Thus, it is understandable why the propertied families have been able to retain control of the towns across the generations, a situation that prevails in Balamban even to this day.

Constantino continued:

            The establishment of the Philippine Assembly carried out on the national level the same pattern   that had been set for local governments; namely, the substance of power centralized in the governor general and political positions apportioned among the elite. The creation of the Assembly proved to be one of the most effective techniques of winning over members of the traditional elites all over the country.
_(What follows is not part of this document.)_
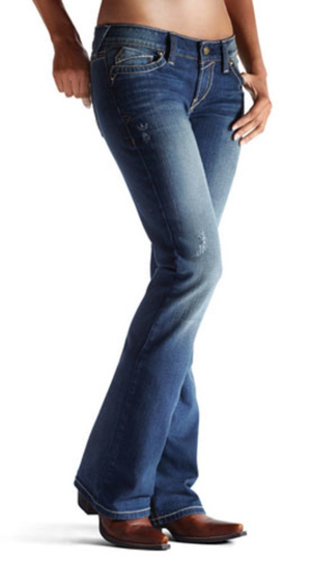 These women’s Ariat Ruby Slim Fit Jeans fit slim and sexy through the hips and thighs, low rise, boot cut, contoured waistband and a touch of stretch. The heavy decorative embroidery really set this jean apart from the rest! With the true fit waist band these jeans hug your waist to flatter every curve. This dark stonewash jean features five pocket styling and zipper fly with top button. Imported.

            The establishment of this body promised in the Cooper Act of 1902 has been hailed by the illustrados (or in the arrogant terminology of the Philippine Commission, the ‘Filipino people of the better class.’) who saw in it a channel for national prominence and influence…Thus while the Americans provided for the mechanics of democracy, they made certain that the victors in the election would come exclusively from the class they were building up for leadership. Although the election campaign was heated, electoral contests were generally confined to propertied and conservative families in the province. The masses were given the illusion of vicarious participation while a new local vanguard of colonialism was being developed.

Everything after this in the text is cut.